Why?

Options for storing passwords:

  1. In your head…
  2. In a text file - secure
  3. Google Chrome / Firefox / … - passwords stored who knows where
  4. Bitwarden / 1Password / ProtonPass - okay, but you gotta pay, and data on someone else’s servers
  5. Your own server - pog

Why not just run regular Bitwarden on a VPS?

You can. Bitwarden officially can be spun up with

docker run bitwarden/self-host

But:

  • Need a VPS - from $5/mo
  • Need Docker, need to make sure it doesn’t crash, need to update, need to backup
  • For one person - overkill, but cool

What I want: free, nothing to admin, and it just works.


NodeWarden - Bitwarden-compatible server on Cloudflare Workers

NodeWarden - a fork of the Bitwarden server that runs directly on Cloudflare Workers.

So:

  • Free (Workers - 100k requests/day)
  • Nothing to admin
  • Cloudflare updates the infrastructure itself
  • Database - Cloudflare D1 (free: 5 GB, 5 million rows read/mo)

Compatible with all Bitwarden clients: browser extension, mobile app, CLI.


Deployment

Briefly:

  1. Fork shuaiplus/nodewarden.
  2. Clone locally: git clone <your-fork> && cd <your-repo> && npm install
  3. Edit wrangler.toml: name, database_name etc.
  4. D1 database is created automatically on first deploy - wrangler will spin up database_name from config.
  5. Add JWT_SECRET: Dashboard your worker Settings Variables. Any string >=32 chars, e.g. openssl rand -base64 32.
  6. Deploy: Cloudflare Dashboard Workers & Pages Create Pages Connect to GitHub, select your fork. Cloudflare pulls the code, builds and deploys on every push to main. Build command - npm run build, worker deploys alongside Pages. No GitHub Actions needed.

Important: Cloudflare has a free plan, but to create R2 you need to attach a credit card.

NodeWarden has a deploy:kv mode that uses KV instead of R2 (file attachments). Database is D1 in both cases - nothing to attach, fully free. (if you can, you can attach an empty card, but the free limits are more than enough)


Is it safe?

overall: yes

In detail:

Under the hood it’s the standard Bitwarden end-to-end encryption scheme:

  • Master password KDF master key (symmetric, AES-256). Lives only in the browser, never leaves.
  • Master key HKDF encryption key - encrypts all passwords, TOTP keys, notes. The server only sees encrypted garbage.
  • Additionally, an asymmetric key pair is generated: public key stored openly on the server, private key is encrypted with the encryption key and also sent to the server (needed for sync between devices).
  • Master password KDF client hash - sent to the server. The server salts it again (server hash) and stores only that.
  • The server cannot decrypt the vault.

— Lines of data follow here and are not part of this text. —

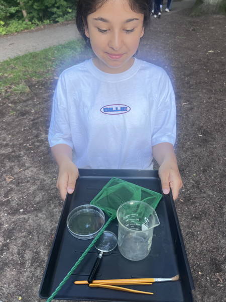 Und nun wurde fleißig gesammelt, was man so im nahegelegenen Teich fand und was einen interessieren könnte.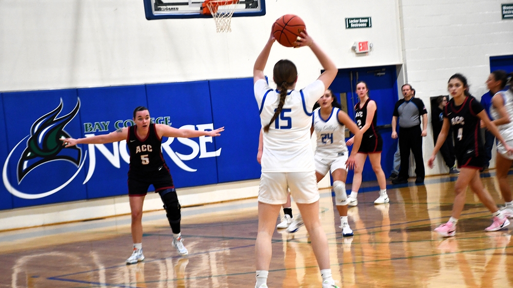 ESCANABA---The Bay College Norse women's basketball team led from wire-to-wire and beat the Alpena Community College Lumberjacks, 119-40, in an MCCAA North Conference game Wednesday night in Escanaba.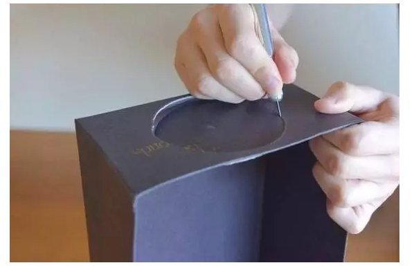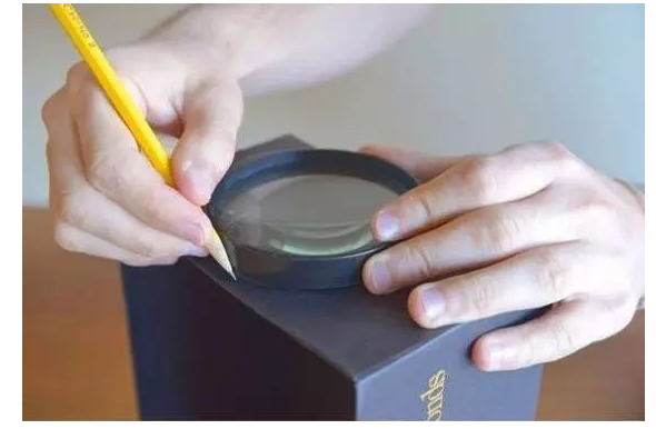 然后將放大鏡的手柄卸下來,只留下鏡片部分。在鞋盒的側(cè)面,用鉛筆圍著放大鏡畫一個圓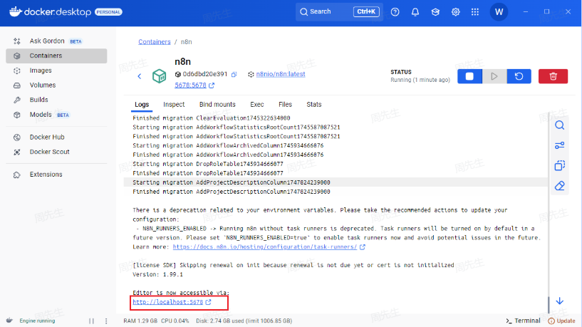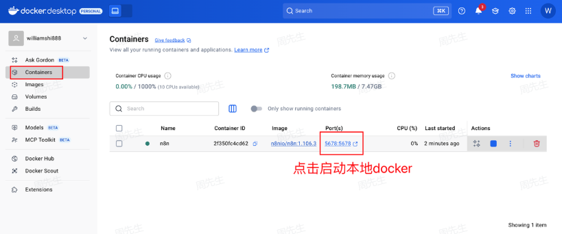 然后打开Docker,就能发现对应的容器了,点击如下链接即可进入n8n的本地端口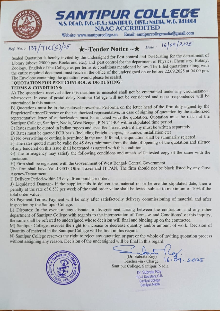 1 | 16 Sep 2025 | Quotation for Pest Control and De-Dusting | Download | tr >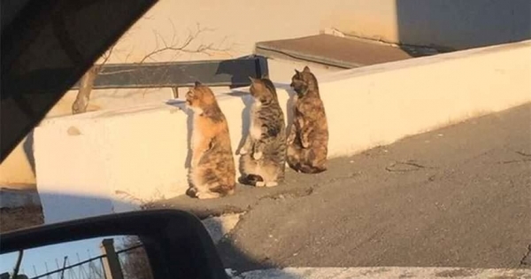 這名俄國司機在路邊發現了有三隻貓咪,宛如是狐獴上身,坐得直挺挺的專注於前方的事物。如此奇妙的畫面讓司機忍不住拿出手機來拍...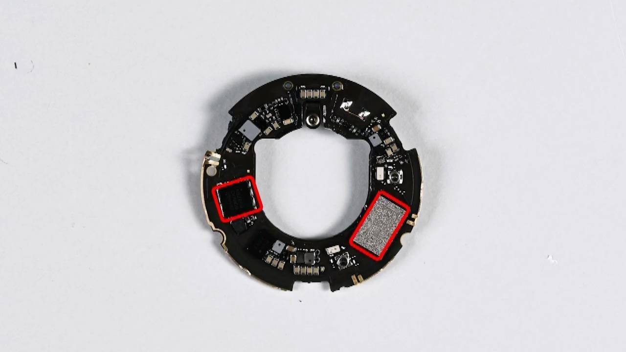 抛开安全隐患,AirTag 2 在核心硬件上确实进行了显著升级。iFixit 展示了 PCB 板背面的详细结构,其中最核心的组件是一颗升级版 SoC(片上系统),负责处理蓝牙和 NFC 功能。
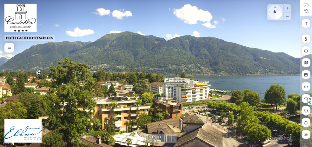 Zag vanochtend wel veel regen. Webcam in Ascona. Aan de overzijde, achter witte hotel, ligt San Nazzaro.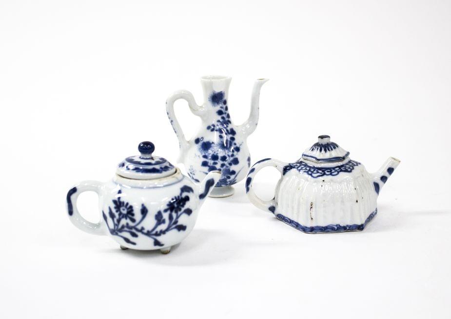 Porcelaine à décor bleu et blanc, Chine, dynastie Qing (1644-1912), H de 5 a 8 cm

At all. It has no keys - only a hash for verifying the password at login.

The server only stores encrypted data. Even if the database is stolen - the attacker gets useless data that can’t be cracked without the master key.


Caveats

There are nuances:

Dependency on CF and GitHub

Cloudflare theoretically could modify your worker if they get hacked or cf itself gets compromised.

How realistic that is - depends on your paranoia and hygiene.


Features

NodeWarden supports most Bitwarden features. Here’s what’s available:

Send

Create a temporary link with text or a file attached.

Burns after time or number of views.

You can optionally password-protect the link. Sends can be manually revoked at any time.

Backup Center

Schedule automatic backups. Backups are encrypted - without the master password they’re useless.

TOTP (Verification Codes)

Built-in TOTP generator - attach to a password and use instead of Google Authenticator or similar.

Passkeys

Replace the master password with a WebAuthn key.

2FA on login

Two-factor authentication at login.

But if someone steals the database + password, 2FA won’t help.

API Key

For Bitwarden CLI and automation.


Verdict?

Pros:

  • Free
  • Nothing to admin
  • E2E encryption
  • Bitwarden compatibility (any client)
  • TOTP, Send, Passkeys, 2FA, Backup Center, API Key
  • Cloud backups (WebDAV/S3)

Cons:

  • Dependency on Cloudflare and GitHub
  • No password sharing between users (each sees only their own vault)

A solid “set it and forget it” option for those who don’t want to pay for Bitwarden Premium, don’t want to give passwords to Google, and don’t want to admin a VPS.